Darcia Narvaez, in Neurobiology and the development of human morality, writes that we can understand a baby’s gestures and movements as signals that indicate their level of homeostasis in each moment. These communications may signal discomfort when the infant’s internal balance is being challenged. When the early signals are not received and responded to the baby moves into a state of alarm, which is a plea for help in what might be understood as the resistance stage. This is the baby’s only resource as they require external help to return to a state of balance. It is in these early experiences that the infant learns to return to homeostasis and establishes ‘set points’ (e.g. for the stress response) through the external regulation of the caregiver.

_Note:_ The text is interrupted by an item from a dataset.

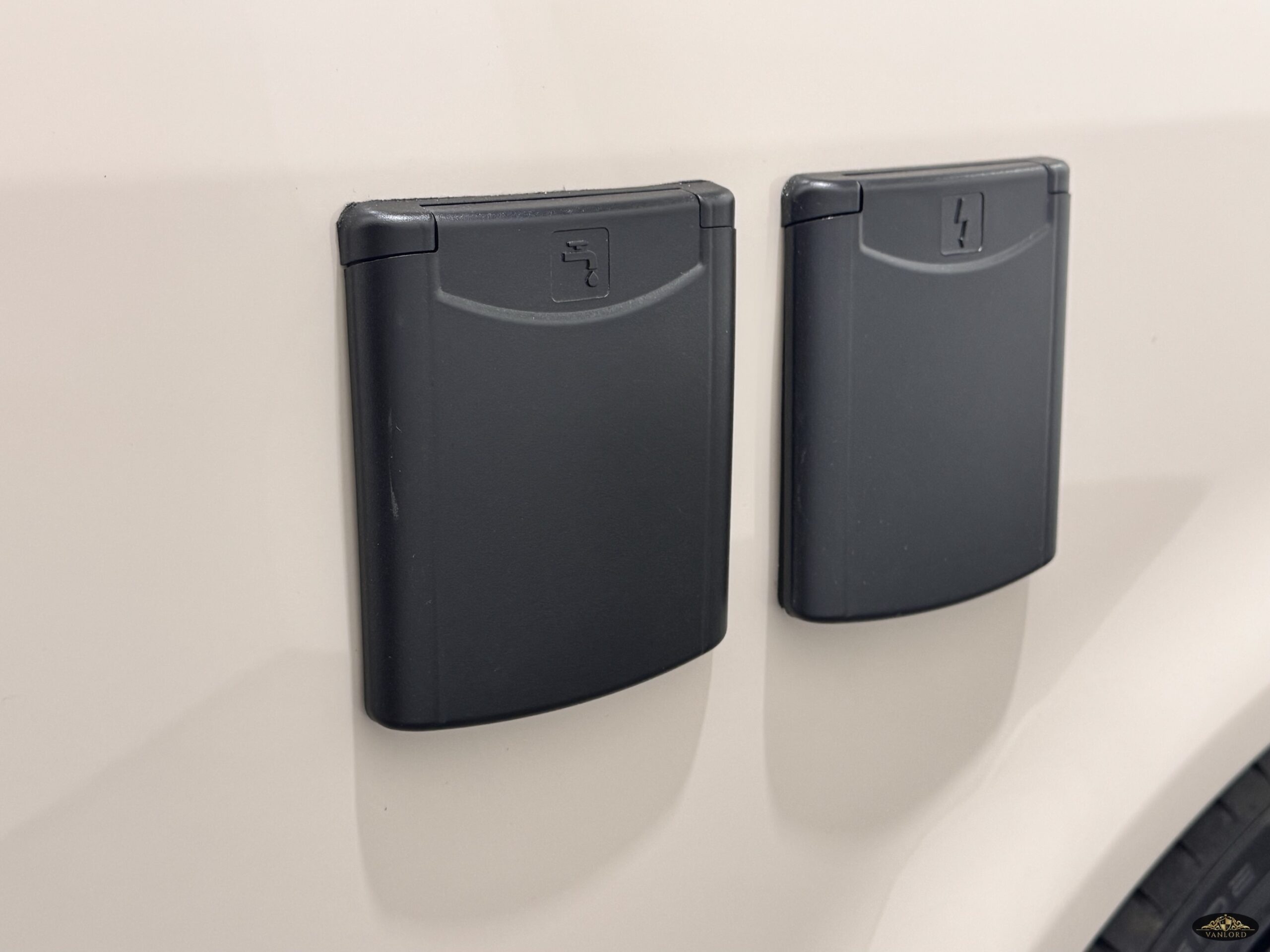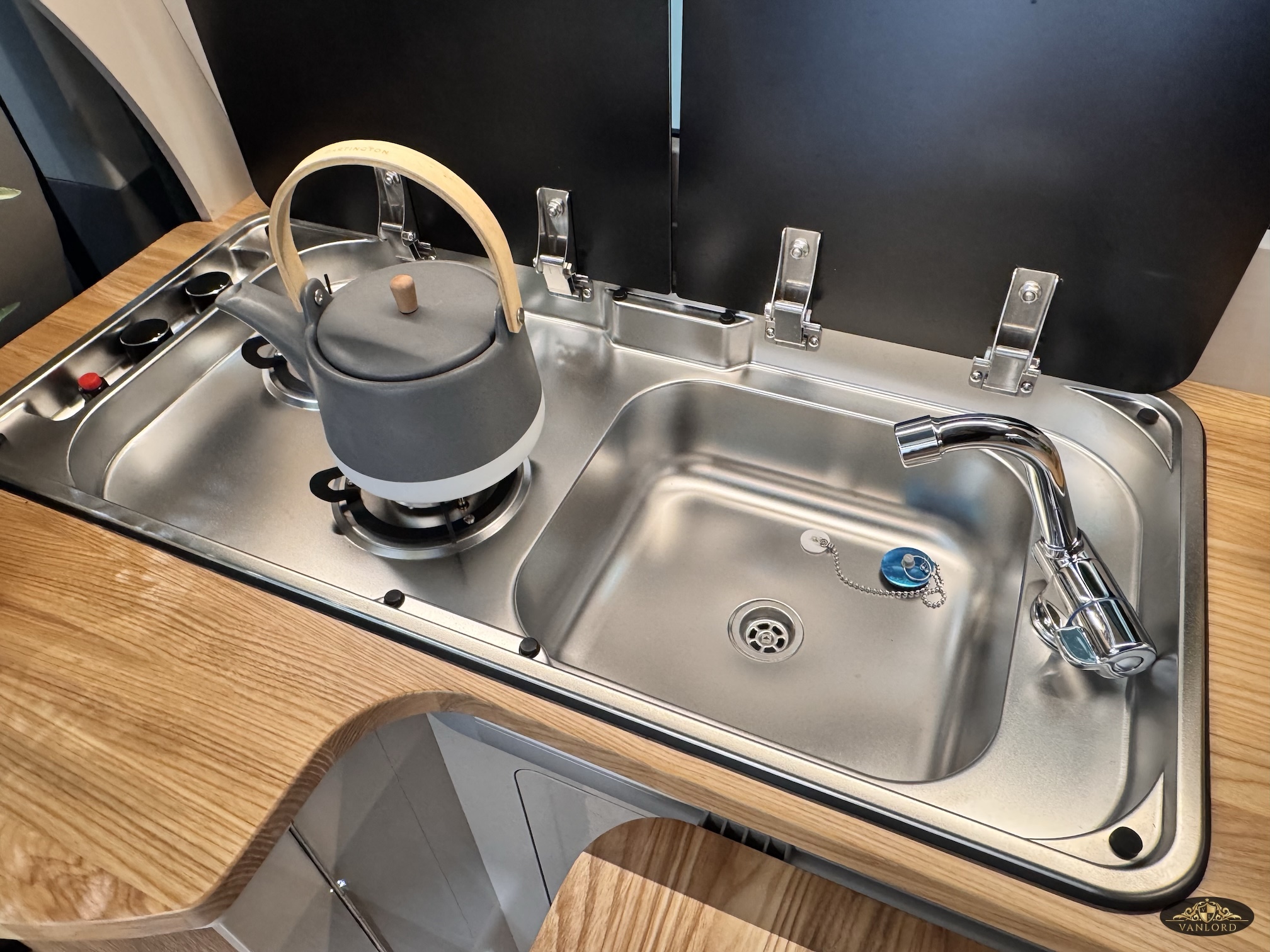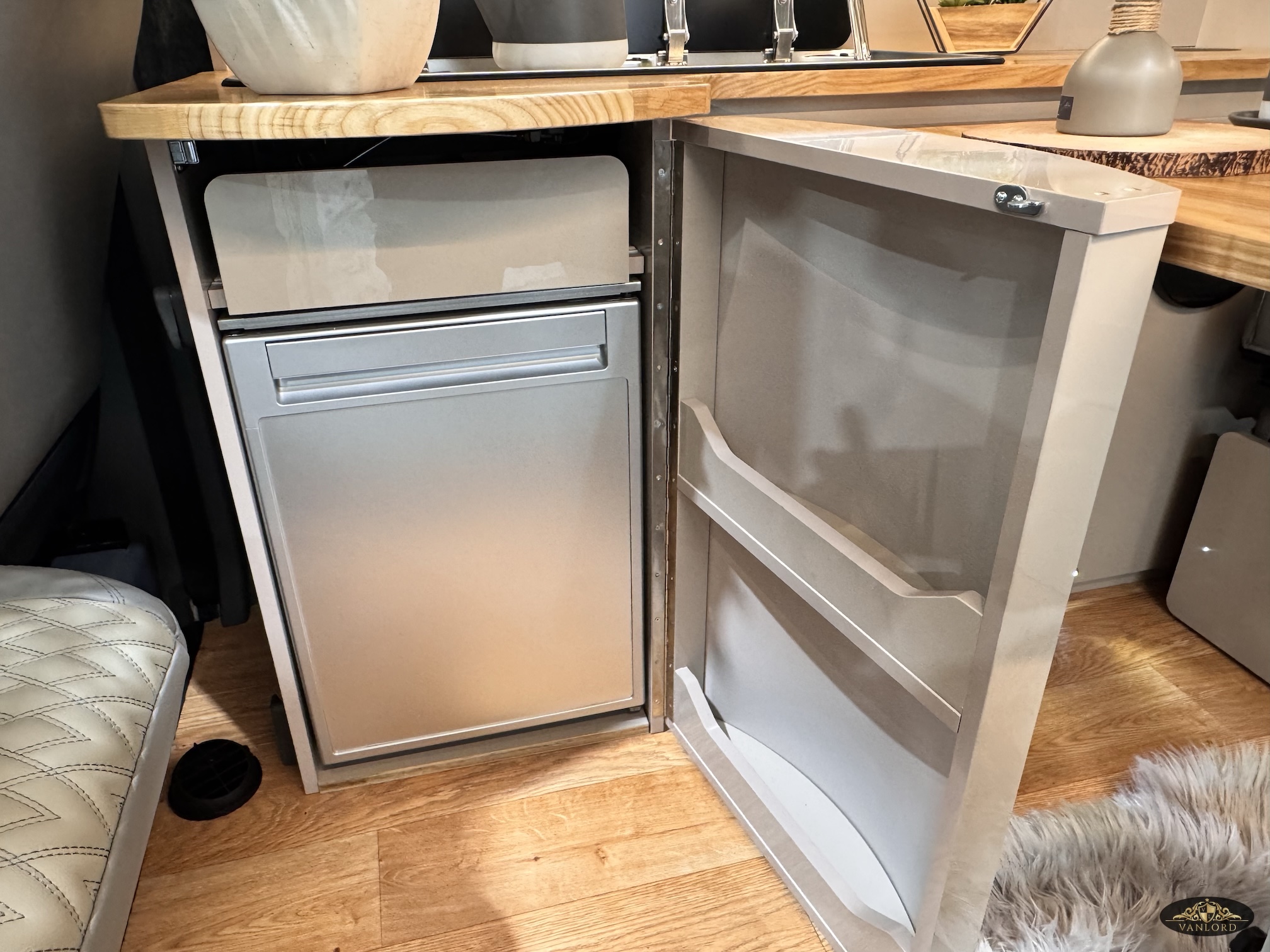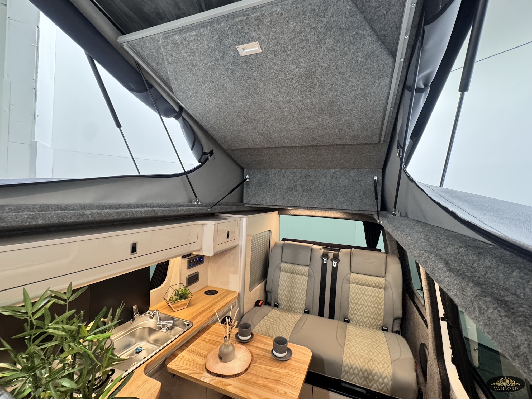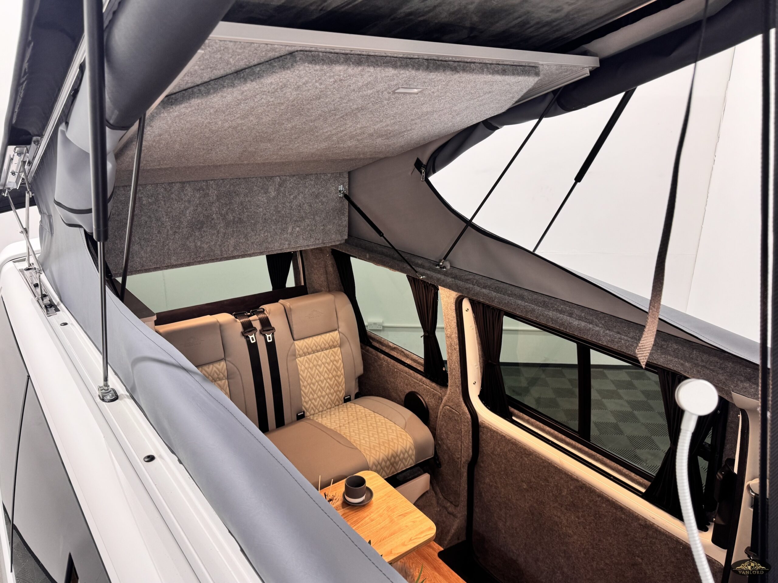 Inside the van you will find our luxury furniture set finished in Gloss Cashmere colour which has many soft closing cabinets. The 22mm thick natural oak worktop has been treated to a satin finish. Up top you will find a Bi-Fold bed which allows for extra headroom in the rear and a sliding hatch panel to hide the canvas and straps when the elevating roof is shut.

When this external help does not come, or is inconsistent, the child goes into a higher level of mobilisation that is difficult to come back down from. If help still is not forthcoming the infant moves into exhaustion which is an inner despair, a withdrawal into a catatonic state. This is the oldest survival strategy of self-protection through passive avoidance.

The long-term effect on the child’s developing psychobiological systems depend on the timing, duration and intensity of this ‘under-care’. Parenting practices like ‘sleep-training’, which may seem helpful to parents, can have a really negative impact on the infant. Panic disorders in adults are rooted in these early experiences of separation anxiety in childhood. Grief lowers opiod activity, lessening positive affect, causing panic. Recurring patterns of distress like this can lead to insecure attachment. This can disrupt the development of emotion circuitry (underdevelopment, misdevelopment, or damage). The capacity for homeostasis throughout the life span can become compromised as a result.